Fundamental changes to the way we live, work and do business could have a positive impact on Scotland's overall economy. The impact will differ widely across sectors and regions. Just transition roadmaps will give direction and confidence, driving investment that brings jobs, skills and value to Scotland; stakeholders will work together on robust plans; government business support will be more explicitly linked to emissions reductions, stronger local supply chains and Fair Work. These fundamentals can be a catalyst for action across the public and private sectors.

2. Equip people with the skills and education they need to benefit from the transition

Scotland's citizens need to be supported to take up new opportunities and adapt to changes that could affect them. We need a flexible and accessible skills and education system that can meet the needs of a net-zero economy and address inequalities. Specific interventions will be needed for some, such as those in carbon-intensive industries, farmers and land managers and small businesses, particularly in construction and transport.

3. Empower and invigorate our communities and strengthen local economies

An inclusive green recovery from the pandemic ensures people have a say in climate action and strengthens local economies. A just transition is shaped by Scotland's citizens, not imposed on them. It energises social partnerships and local democracy and develops places and communities that are designed for net-zero and improved wellbeing. It empowers consumers to choose local products, such as sustainably produced food and drink.

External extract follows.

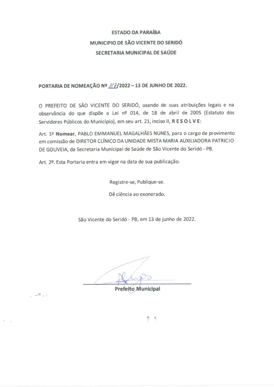 PORTARIA N° 0117/2022 - NOMEAÇÃO DE PABLO EMMANUEL MAGALHÃES NUNEs

4. Share benefits widely and ensure burdens are distributed on the basis of ability to pay.

Our current approach to funding decarbonisation is not fit for purpose. The adoption of new technologies and new ways of buying and selling electricity will rapidly increase as we move to net-zero. Smart innovations and modifications in transport, housing and energy systems will not all be universally accessible and may exacerbate existing inequalities. A just transition refocuses on wellbeing; it uses the power of government intervention and public finance (such as the Scottish National Investment Bank and public pension funds) to drive action; it explores new funding methods for local projects; it fully explores the distributional impact of taxes; it ensures new technologies and services are delivered in a way that works for people, and improves the lives of the most vulnerable in our society.